## Task inputs:

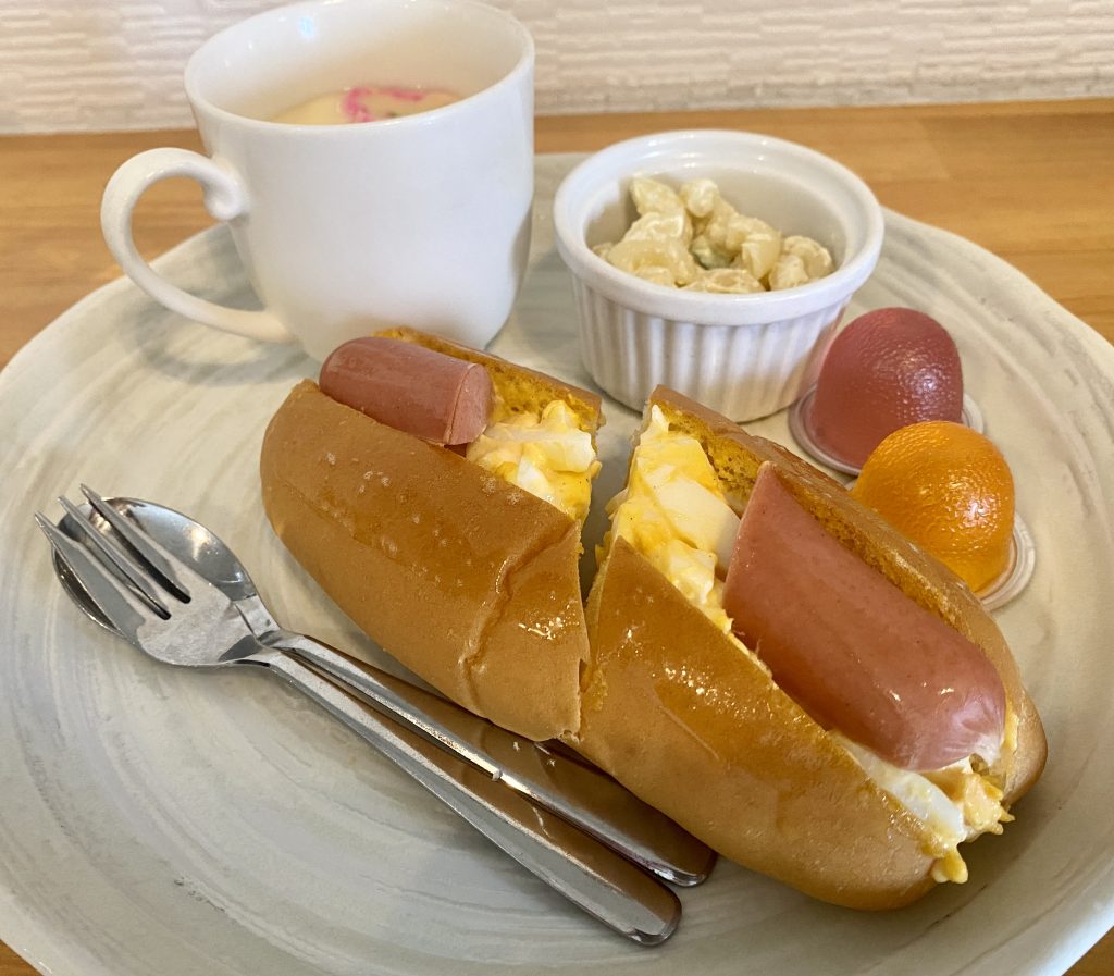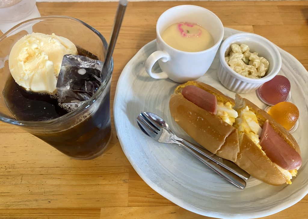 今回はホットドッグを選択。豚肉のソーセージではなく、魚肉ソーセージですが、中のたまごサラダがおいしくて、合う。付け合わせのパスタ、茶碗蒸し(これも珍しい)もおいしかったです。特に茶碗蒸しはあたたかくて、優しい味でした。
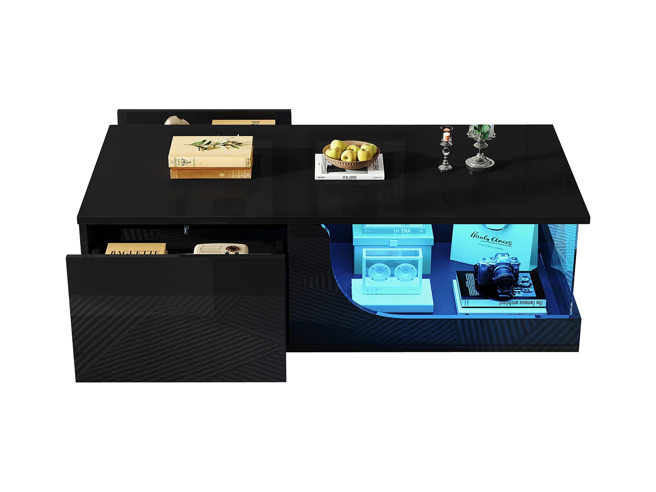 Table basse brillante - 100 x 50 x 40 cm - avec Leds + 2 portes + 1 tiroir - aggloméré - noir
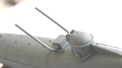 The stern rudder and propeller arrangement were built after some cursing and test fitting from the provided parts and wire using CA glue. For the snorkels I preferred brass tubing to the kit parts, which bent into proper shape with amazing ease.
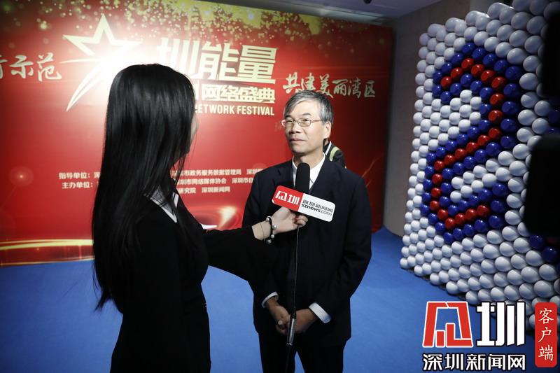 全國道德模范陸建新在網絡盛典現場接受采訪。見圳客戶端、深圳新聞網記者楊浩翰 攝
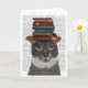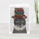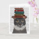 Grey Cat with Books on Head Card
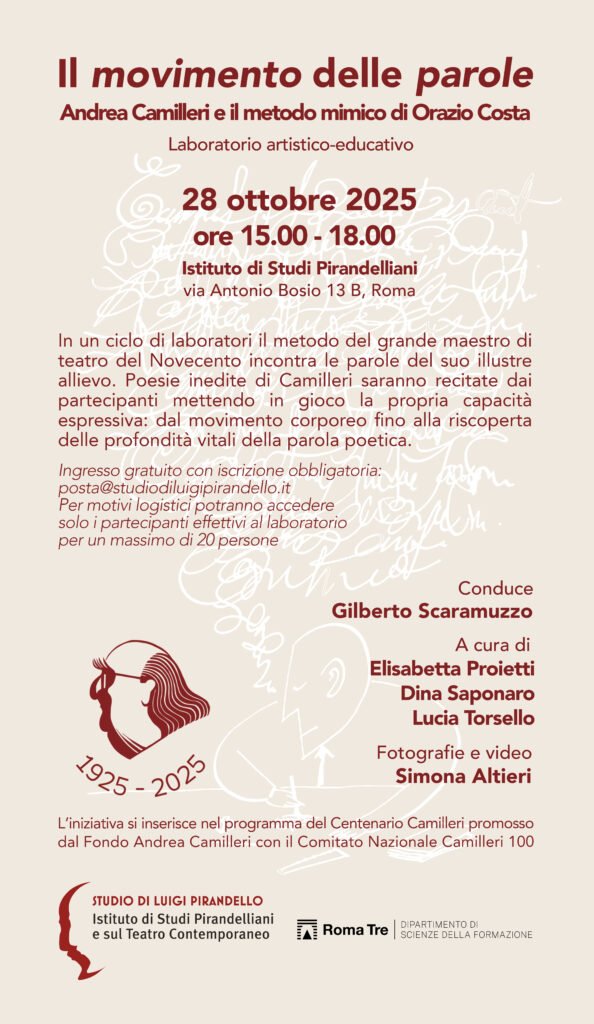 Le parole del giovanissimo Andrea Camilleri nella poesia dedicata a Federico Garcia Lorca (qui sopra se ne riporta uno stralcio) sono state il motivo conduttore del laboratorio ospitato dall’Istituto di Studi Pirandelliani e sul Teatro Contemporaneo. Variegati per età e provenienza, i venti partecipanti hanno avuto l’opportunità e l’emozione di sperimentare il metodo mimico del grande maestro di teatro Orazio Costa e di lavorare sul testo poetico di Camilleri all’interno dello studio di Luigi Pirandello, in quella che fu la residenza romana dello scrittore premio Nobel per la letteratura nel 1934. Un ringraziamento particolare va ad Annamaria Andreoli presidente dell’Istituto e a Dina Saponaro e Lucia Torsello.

## Directions for this task:
Give again, word for word, only the lines that run from the top of the data above through the line with "Table basse brillante". Drop the pictures.

## Answer area:
 今回はホットドッグを選択。豚肉のソーセージではなく、魚肉ソーセージですが、中のたまごサラダがおいしくて、合う。付け合わせのパスタ、茶碗蒸し(これも珍しい)もおいしかったです。特に茶碗蒸しはあたたかくて、優しい味でした。
 Table basse brillante - 100 x 50 x 40 cm - avec Leds + 2 portes + 1 tiroir - aggloméré - noir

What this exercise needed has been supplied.